The A-320 which crashed into the trees in France was performing a
fly-by demonstration, by a line pilot, not an Airbus test or demo
pilot. The profile was to fly by at 500 feet. The aircraft was below
100 feet. This is significant to the incident (and not just because
that is where we find trees). In the Airbus the computers have a group
of flight control protections collectively known as "Laws". In Normal
Law there is a low-speed, high AOA protection known as Alpha-Floor.
Alpha-Floor is reached somewhere below Vls (the lowest speed the
aircraft will fly with autopilot/autothrust on and sidestick in
neutral), and prior to Alpha-Max (maximum AOA). At Alpha-Floor the
autothrust commands TOGA power, and regardless of how much you pull
back on the sidestick, the aircraft will not decelerate below
Alpha-Max. It will just mush along at TOGA power until it runs out of
gas or the pilot lowers the nose to accelerate.

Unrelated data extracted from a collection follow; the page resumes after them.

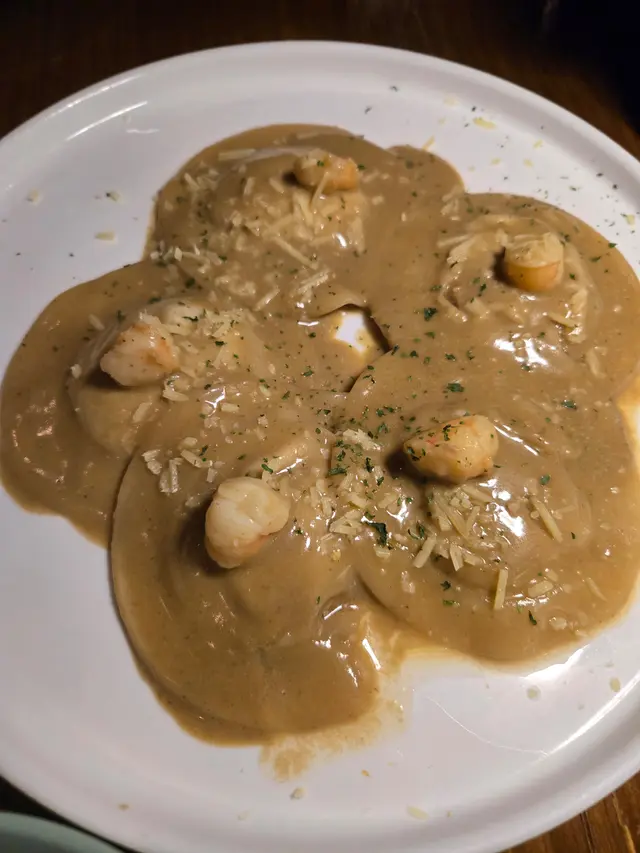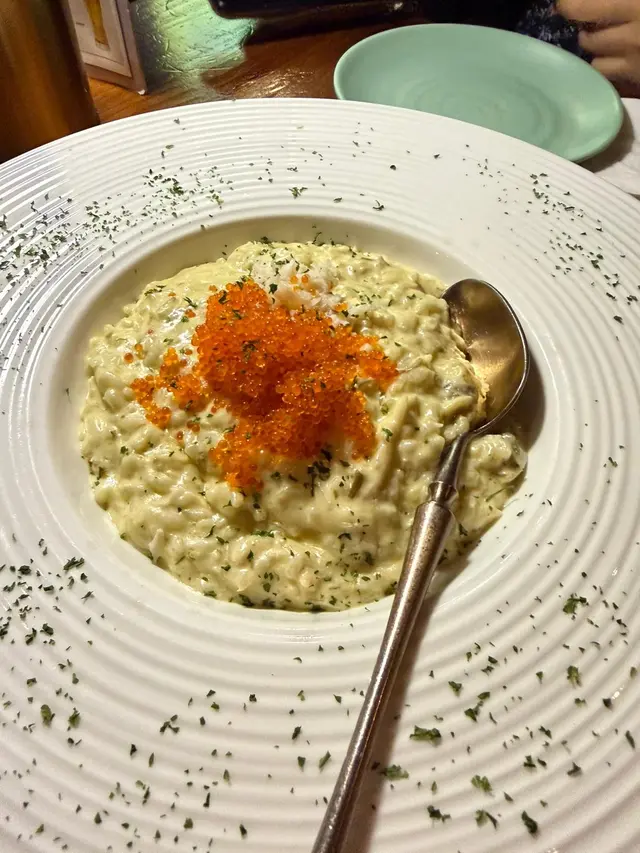 下班找老Best 到樓上酒吧,藏在鬧市裡面,像個小秘密基地一樣! 一進門有公牛頭飾,燈光是暗暗的暖色調,特別有美式金融風,坐著特別舒服。 我們點了好幾樣吃的,香草蟹肉意大利飯超好吃,糯糯的,蟹肉甜甜的,還加了魚子醬,鹹香搭配絕了!意式餃子裹著厚厚的醬汁,裡面的蝦仁特別嫩。飲品也沒踩雷,麒麟生啤喝著很清爽,朋友點的荔枝特調雞尾酒也說很特別。 價格不算便宜,但菜的分量很足,做得也精緻。那服務員小姐姐特別溫柔,還主動給我們介紹每道菜的特色,告訴我們怎麼搭配飲品更好喝,感覺特別貼心。 今天真的太開心!…查看更多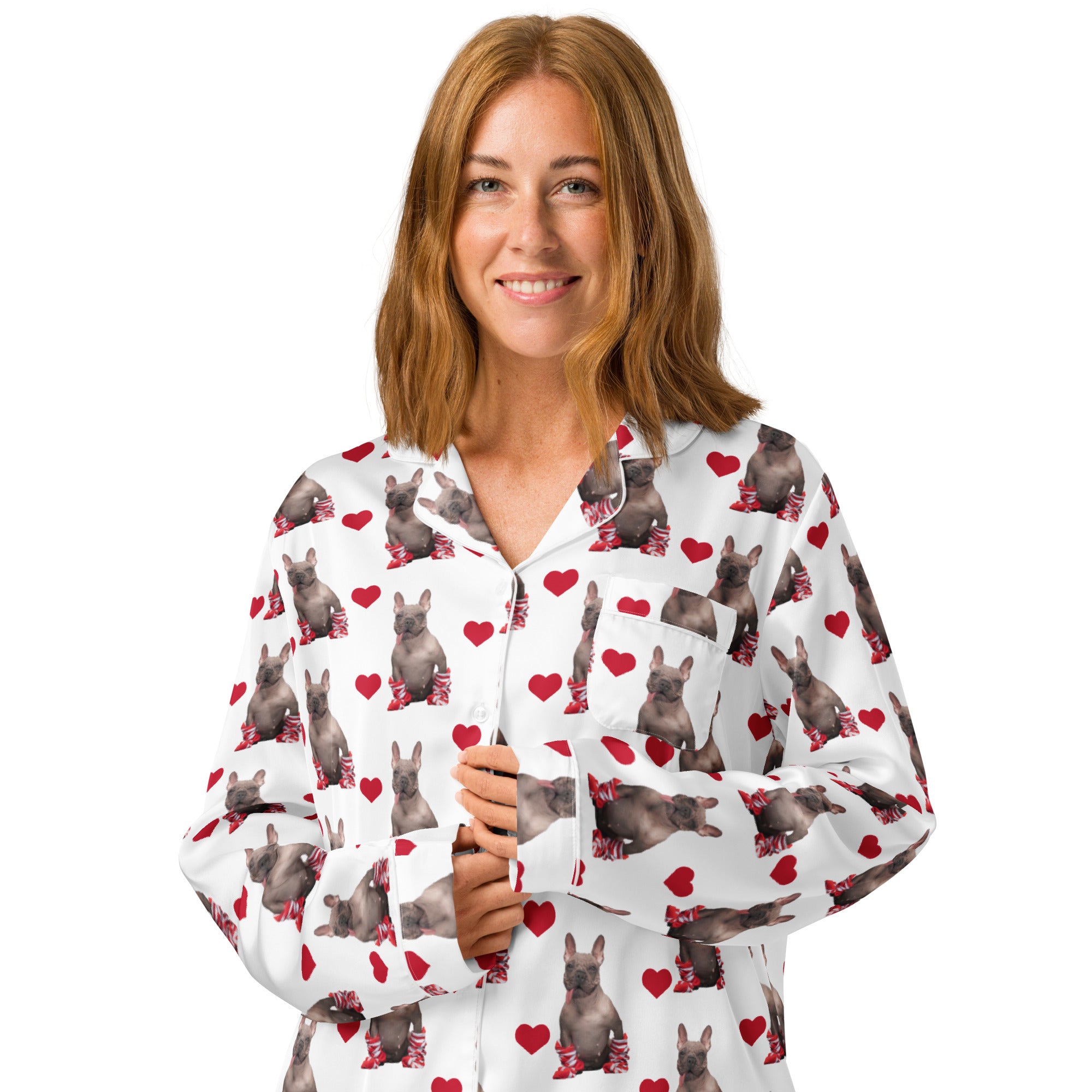 It's a very wonky holiday with Savvy the Hairless! Don't forget that all proceeds go toward our rescue partner, Luvable Dog Rescue. This silky pajama top is ideal for a cozy day when you want to feel both comfortable and elegant. It features a relaxed fit, chest pocket, and elegant piping detail.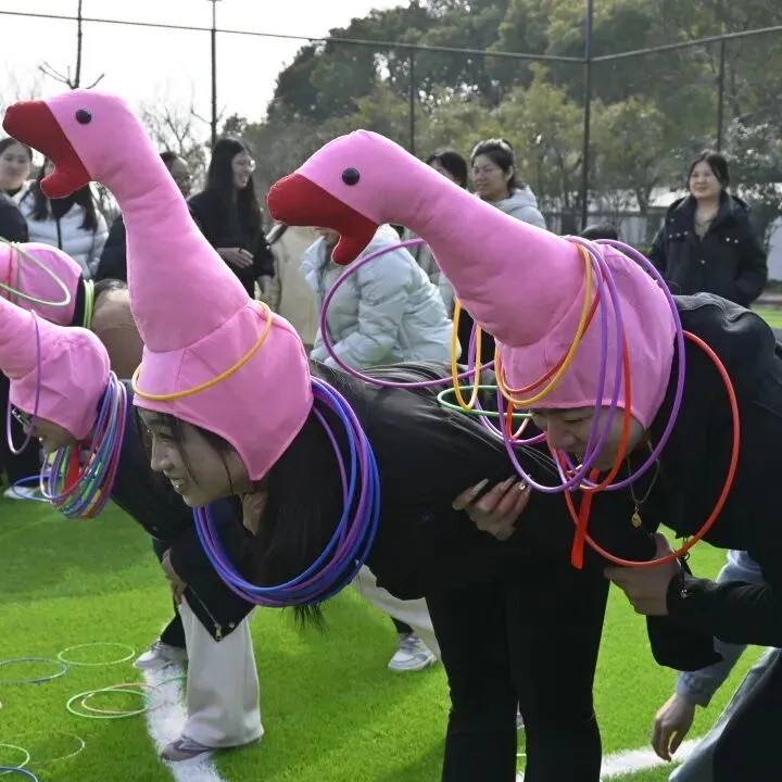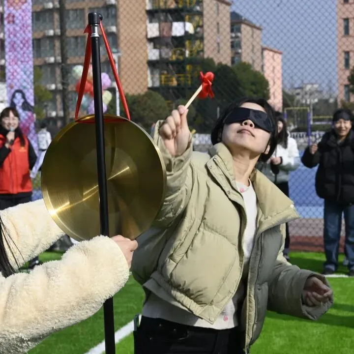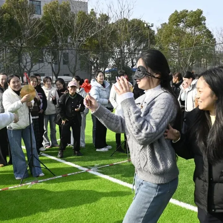 本次运动会紧扣节日主题,融合趣味性与协作性,精心设置了“力拔山河”“蒙眼敲锣”“四平八稳”“套大鹅”“齐力跳绳”五大竞技项目。比赛现场气氛热烈,加油声、欢呼声此起彼伏。参赛女职工们精神饱满、配合默契,既比拼速度与技巧,也展现了智慧与协作,充分将团队精神融入每一个环节。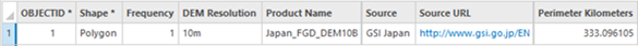 - Three additional fields are returned that identify the Terrain source data used in the calculation. The Product Name field identifies the data product used in the analysis. The Source and Source URL fields give further details about the provider of the data.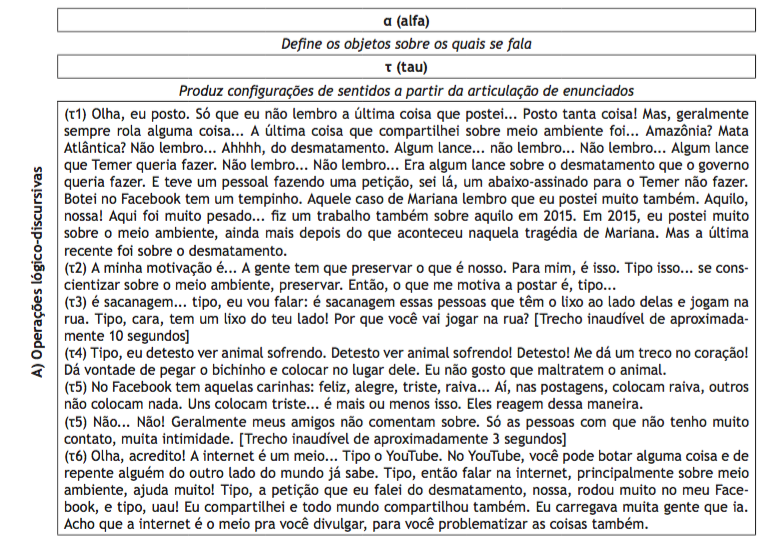 Aplicamos aos discursos selecionados a análise lógico-natural. Explicar esse procedimento ultrapassa os objetivos deste artigo. Em resumo, a lógica natural foi desenvolvida pelo semiólogo, comunicólogo e lógico suíço Jean-Blaise Grize com o objetivo, entre outros, de fornecer uma ferramenta rigorosa de análise do discurso cotidiano. Ela permite a extração de representações — entendidas aqui como “imagens do mundo” — e a interpretação das configurações de sentidos por meio da identificação de objetos e operações que constituem os discursos, levando em conta o caráter intersubjetivo da comunicação (Grize, 1996, 1997). As letras gregas que aparecem no primeiro quadro da Figura 2 exemplificam as diferentes operações dessa metodologia de análise discursiva (Campos, 2015a, 2015b, 2017; Campos e Grabovschi, 2011).

The problem is, Alpha-Floor is not available between 100' and
touchdown - otherwise you could never land! The pilot was expecting
Alpha-Floor, but being too low, it did not happen. By the time he
realized his error, he applied power, but it was too late. You can, in
fact, hear the engines spooling up just prior to his impact with the
trees in the video we show in class.


From what you say here, it does not appear autothrottle was engaged (which also
correlates with other descriptions I've read) -- apparently, the pilot manually
moved the throttles from idle to Max. Is this true?

Is Alpha-Max the stall AOA, or something less? Is there any "emergency
override" that will engage the autothrottle when approaching Alpha-Max?